I wish Marvin good luck and get off at my stop. He’s got farther on to go to get to where he’s stayin. The smell of diesel fumes spirals around me as the #26 roars off. Always takes me back to the days of the high school marching band. Inhaling straight exhaust from the buses while you unload and assemble your instruments and sit on empty cases trying not to scuff the white, highly-polished shoes. Woolen uniforms that drenched you in sweat in late summer and early fall and were too thread bare from previous wearers to keep your ass from freezing to metal bleacher benches after half-time once winter arrived. Fall Fridays were football games - Saturdays were band contests. A bunch of middle class white kids trying not to get out of step while they attempted to infuse a bad arrangement of Mussorgsky’s Pictures at an Exhibition with passion and excitement. This poor Russian composer in the 1870s writes a piano composition to memorialize an exhibition of his late friend’s artwork. How was he to know it would end up blasted out in a three minute 45 second mostly-in-tune rendition by testosterone-charged trumpet players who try too hard for the high notes just before the start of the third quarter. I still remember the time the players ran through the flag line as we marched off field and the entire band seethed with righteous indignance at the obvious slap in the face. It's crazy, but every time I hear Don McLean sing American Pie I get chills at the part where "the marching band refused to yield" the day the music died.

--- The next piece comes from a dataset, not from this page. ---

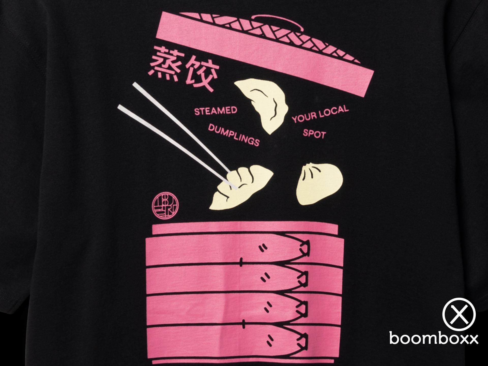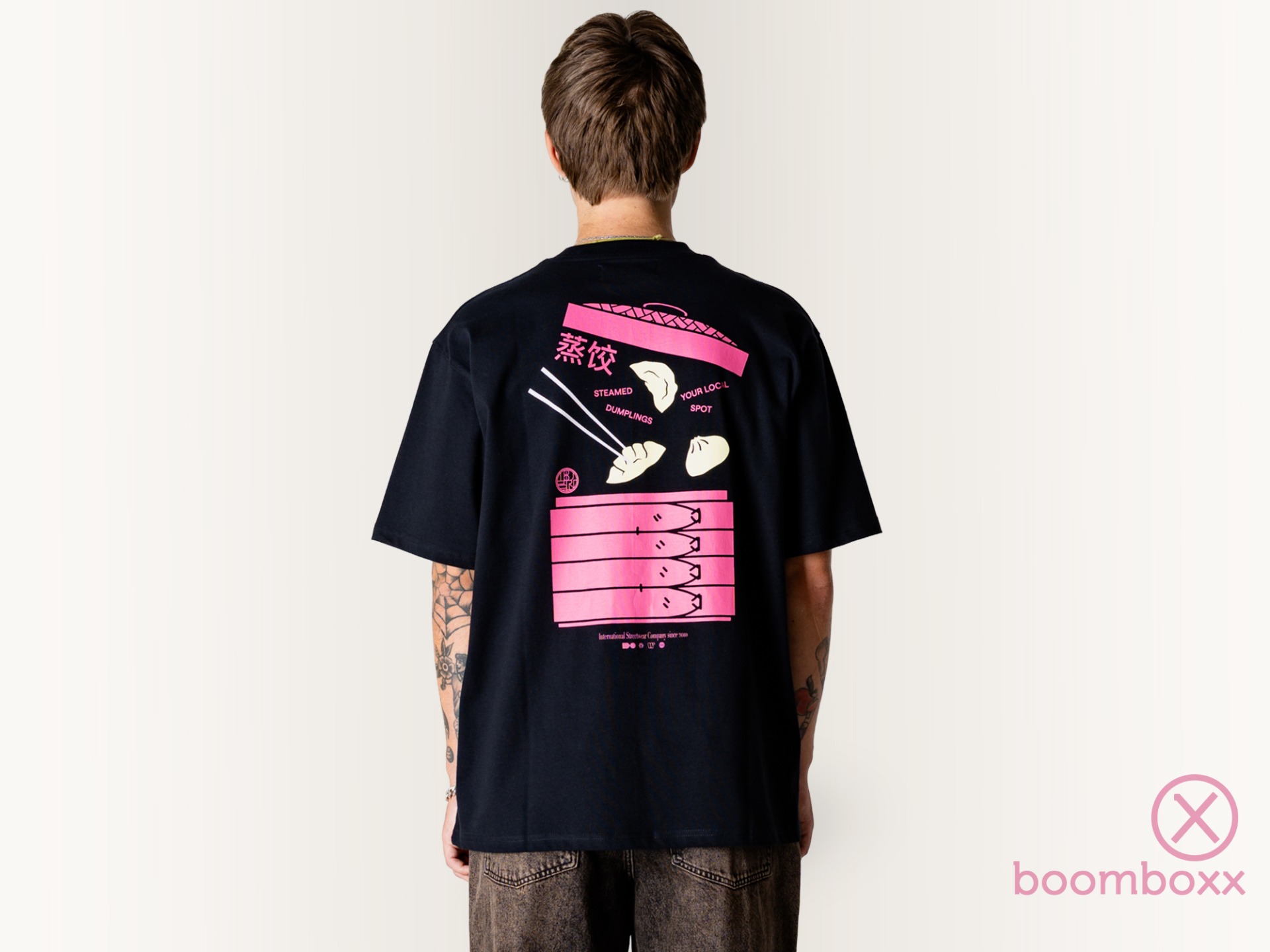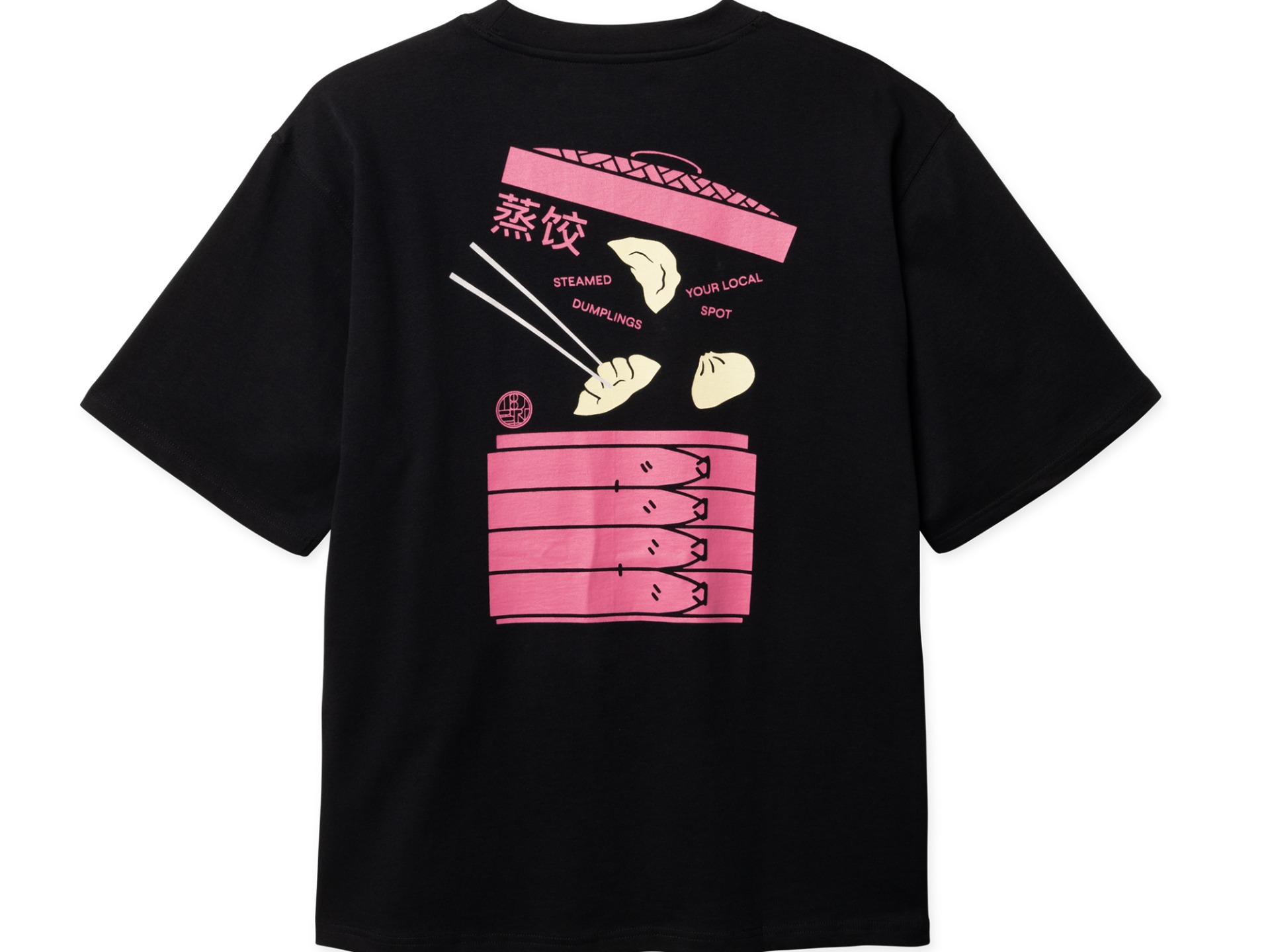 Woodbird WBbaine Dump T-Shirt Black. Een shirt dat smaak uitstraalt voordat het woorden bevat. Gestapelde gestoomde dumplings, eetstokjes klaar, een duidelijke hint naar eetlust. Het is niet zomaar een T-shirt – het is jouw favoriete katoenen shirt. Draag het alsof het de laatste hap is die je niet wilt delen.

I pick up the mail and head up the driveway, trying to shake the cobwebs and memories from my brain in order to take in Zoom on the couch with my daughter and give my wife a respite from holding the baby. Later I look up Pictures at an Exhibition on line and find out a German heavy metal band named Mekong Delta also did an arrangement of the composition. So maybe the B.C. Goodpasture High School Marching Band version wasn’t the worst.

I wonder if the Mekong Delta is where Marvin left bits of himself behind.